И вот он уже внизу, на веранде, в своем грубом свитере, и кажется, что он особенно глубоко и мерно дышит после работы, и смотришь тогда на него с удовольствием, с завистью, как, бывало, глядишь на бодрую молодую лошадь, все просящую поводьев, все подхватывающую с шага на рысь.

– Да что ты распускаешься! – говорил он мне, когда я болел или хандрил. – Ты бери пример с меня! Я до глубокой осени купаюсь в Яснушке! Что ты все сидишь или лежишь! Встань, займись гимнастикой…

Последний раз видел я его в середине октября. Пришел он ко мне в чудесный солнечный день, как всегда прекрасно одетый, в пушистой кепке. Лицо у него было печально, но разговор у нас начался бодрый – о буддизме почему-то, о том, что пора, пора браться за большие романы, что только в ежедневной работе единственная радость, а работать каждый день можно только тогда, когда пишешь большую вещь…

Я пошел его провожать. Он вдруг заплакал, отворачиваясь.

– Когда я был такой, как твой Алеша, – заговорил он, несколько успокоясь, – мне небо казалось таким высоким, таким синим! Потом оно для меня поблекло, но ведь это от возраста? Ведь оно прежнее? Знаешь, я боюсь Абрамцева! Боюсь, боюсь… Чем дольше я здесь живу, тем больше меня сюда тянет. Но ведь это грешно – так предаваться одному месту? Ты Алешу носил на плечах? А я ведь своих сначала носил, а потом мы все на велосипедах уезжали куда-нибудь в лес, и я все говорил с ними, говорил об Абрамцеве, о здешней радонежской земле – мне так хотелось, чтобы они полюбили ее, ведь, по-настоящему, это же их родина! Ах, посмотри, посмотри скорей, какой клен!

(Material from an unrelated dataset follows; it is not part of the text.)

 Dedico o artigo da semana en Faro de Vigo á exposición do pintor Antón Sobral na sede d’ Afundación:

Потом он стал говорить о зимних своих планах. А небо было так сине, так золотисто-густо светились под солнцем кленовые листья! И простились мы с ним особенно дружески, особенно нежно…

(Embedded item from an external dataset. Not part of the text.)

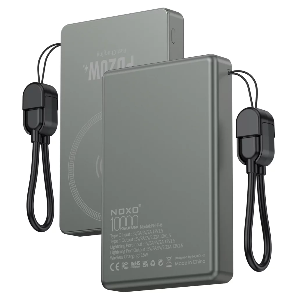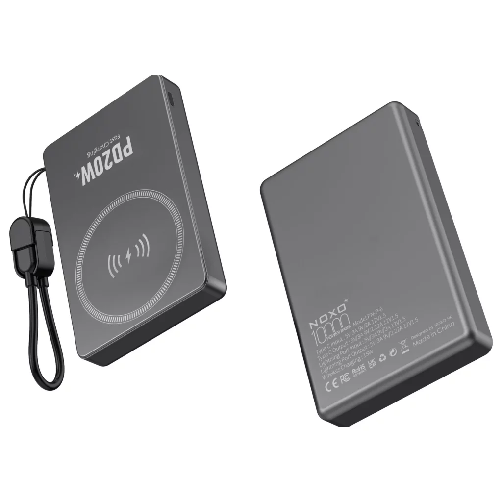 پاوربانک PN-P-6 نوکسو یک گزینه همهکاره برای شارژ روزانه است که هم از شارژ سیمی سریع تا ۲۰ وات پشتیبانی میکند و هم امکان شارژ بیسیم تا ۱۵ وات را دارد. این ترکیب باعث میشود بتوانید گوشیهای آیفون، اندروید و دستگاههای سازگار با شارژ بیسیم Qi را بدون نیاز به کابل شارژ کنید.

А три недели спустя, в Гагре – будто гром грянул для меня! Будто ночной выстрел, прозвучавший в Абрамцеве, летел и летел через всю Россию, пока не настиг меня на берегу моря. И точно так же, как и теперь, когда я пишу это, било в берег и изрыгало глубинный свой запах море в темноте, далеко направо, изогнутым луком огибая бухту, светилась жемчужная цепочка фонарей…

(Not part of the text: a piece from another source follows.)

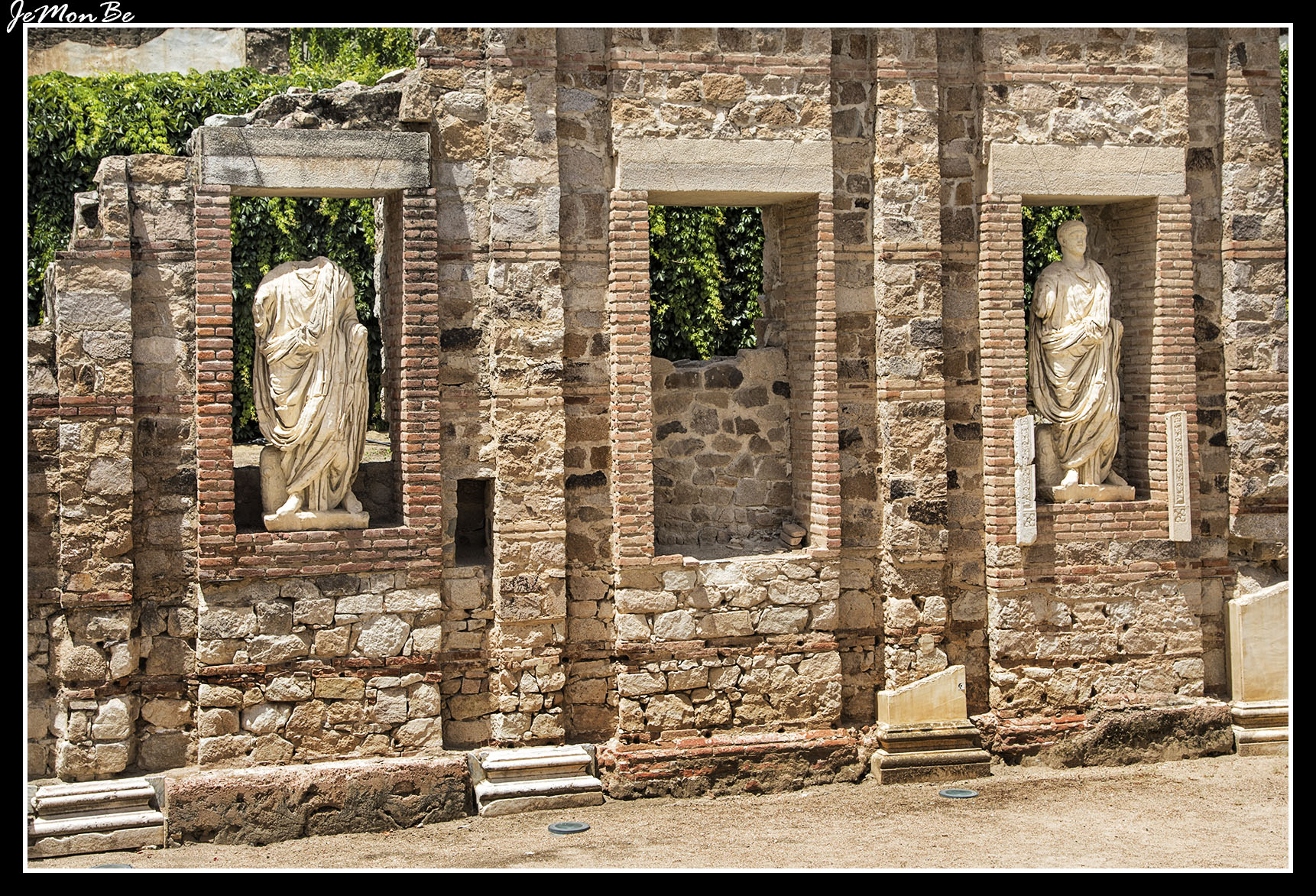 La zona más espectacular del teatro es el frente de la escena, con dos cuerpos de columnas de mármol. Entre ellas, una serie de esculturas completaba la decoración: Ceres, Plutón, Proserpina y estatuas, con togas unas y con corazas otras, que se han interpretado como retratos imperiales.

Тебе исполнилось уж пять лет! Мы сидели с тобой на темном берегу, возле невидимого во тьме прибоя, слушали его гул, слушали влажный щелкающий треск гальки, скатывавшейся назад, вслед за убегающей волной. Я не знаю, о чем думал ты, потому что ты молчал, а мне воображалось, что я иду в Абрамцево со станции домой, но не той дорогой, какой я обычно ходил. И пропало для меня море, пропали ночные горы, угадываемые только по высоко светящимся огонькам редкие домики, – я шел по булыжной, покрытой первым снегом дороге, и когда оглядывался, то на пепельно-светлом снегу видел свои отчетливые черные следы. Я свернул налево, прошел мимо черного пруда в светлеющих берегах, вошел в темноту елей, повернул направо… Я взглянул прямо перед собой и в тупике улочки увидел его дачу, осененную елями, с полыхающими окнами.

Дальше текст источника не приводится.